Department of Urology, Medical University of Vienna, Vienna, Austria.
Department of Urology, Medical University of Vienna, Vienna, Austria; Urological Research Institute, San Raffaele Scientific Institute, Vita-Salute San Raffaele University, Milan, Italy.
Clin Genitourin Cancer. 2017 Oct;15(5):e755-e764. doi: 10.1016/j.clgc.2017.03.007. Epub 2017 Mar 27.
The purpose of this study was to assess the role of pretreatment neutrophil-to-lymphocyte ratio (NLR) as a predictor of clinical outcomes in patients treated with transurethral resection (TURB) for primary non-muscle-invasive bladder cancer (NMIBC).
Data from 918 patients treated with TURB for primary NMIBC were retrospectively collected. NLR was evaluated as binary variable with the cut-point of 3 based on the visual best correlation of the receiver operating curve analyses focusing on disease recurrence. The median follow-up was 62 months. Cox regression analyses were used to evaluate associations with recurrence (RFS) and progression-free survival (PFS). Subgroup analyses were done according to risk groups and receipt of intravesical bacillus Calmette-Guérin therapy.

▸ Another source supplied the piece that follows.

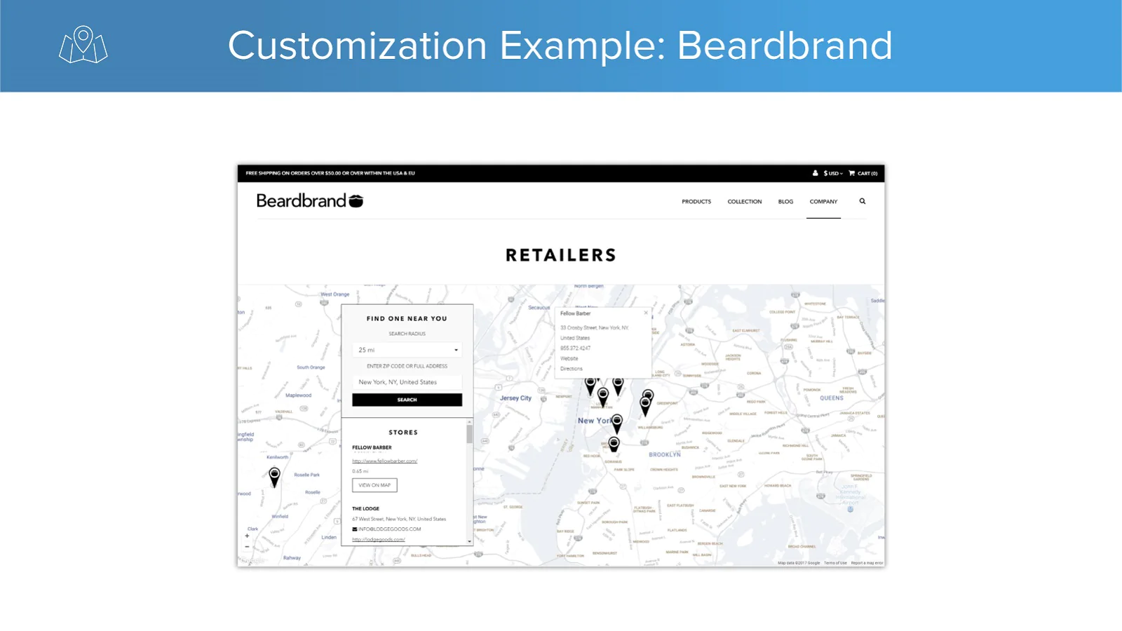 Works with all Shopify themes : Store mapper integrates with any Shopify theme, fully customize design and colors with CSS. Then add locations to anywhere in the World.
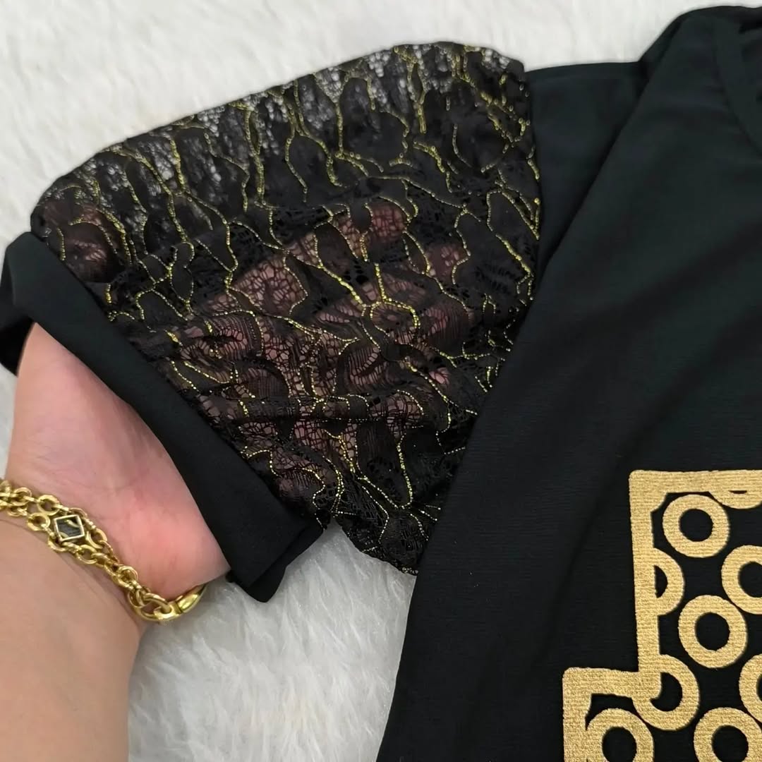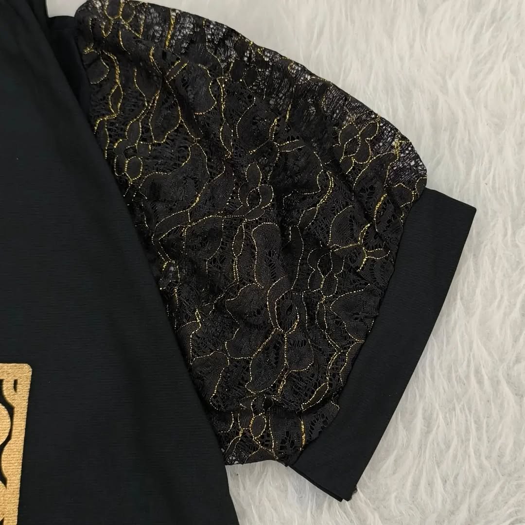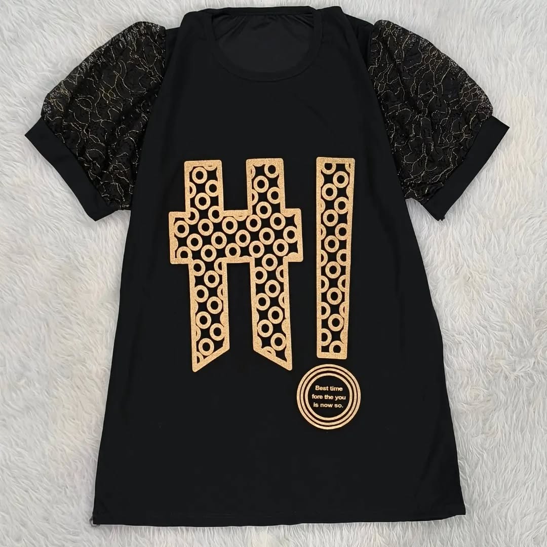 تیشرت آستین گیپوری تک رنگ مشکی جنس پنبه ویسکوز نرم فری تا سایز ۴۴ طرح Hi

Overall, 293 patients had a NLR ≥ 3. High NLR was associated with pathologic T stage and smoking status. The 5-year RFS and PFS for NLR < 3 and NLR ≥ 3 were, respectively, 55.5% versus 45.9% (P = .01) and 94.9% versus 89.9% (P = .004). On multivariable analyses, NLR ≥ 3 remained significantly associated with RFS and PFS. The addition of NLR increased the discrimination of a multivariable model by 0.6% and 2.3% for RFS and PFS, respectively. Moreover, NLR showed a trend in the association with outcomes in patients treated with intravesical bacillus Calmette-Guérin therapy.
Integration of NLR in a prediction model could be helpful in predicting RFS and PFS in patients with primary NMIBC and identifying those who are likely to fail therapy and may benefit from an early radical cystectomy. Limitations are associated to the retrospective design.
本研究旨在评估治疗原发性非肌肉浸润性膀胱癌(NMIBC)患者的经尿道膀胱肿瘤切除术(TURB)前中性粒细胞与淋巴细胞比值(NLR)作为临床结局预测因子的作用。
回顾性收集了 918 例接受 TURB 治疗的原发性 NMIBC 患者的数据。NLR 作为二元变量进行评估,其截断值为 3,基于针对疾病复发的接受者操作特征曲线分析的最佳视觉相关性。中位随访时间为 62 个月。Cox 回归分析用于评估与复发(RFS)和无进展生存(PFS)的相关性。根据风险组和接受膀胱卡介苗治疗的情况进行亚组分析。
总体而言,293 例患者 NLR≥3。高 NLR 与病理 T 分期和吸烟状态有关。NLR<3 和 NLR≥3 的 5 年 RFS 和 PFS 分别为 55.5%和 45.9%(P=0.01)和 94.9%和 89.9%(P=0.004)。多变量分析表明,NLR≥3 与 RFS 和 PFS 显著相关。NLR 的加入分别使多变量模型的区分度提高了 0.6%和 2.3%。此外,NLR 与接受膀胱卡介苗治疗的患者的结局相关,呈趋势性。
在预测原发性 NMIBC 患者的 RFS 和 PFS 以及识别可能治疗失败并可能从早期根治性膀胱切除术获益的患者时,将 NLR 纳入预测模型可能会有所帮助。局限性在于回顾性设计。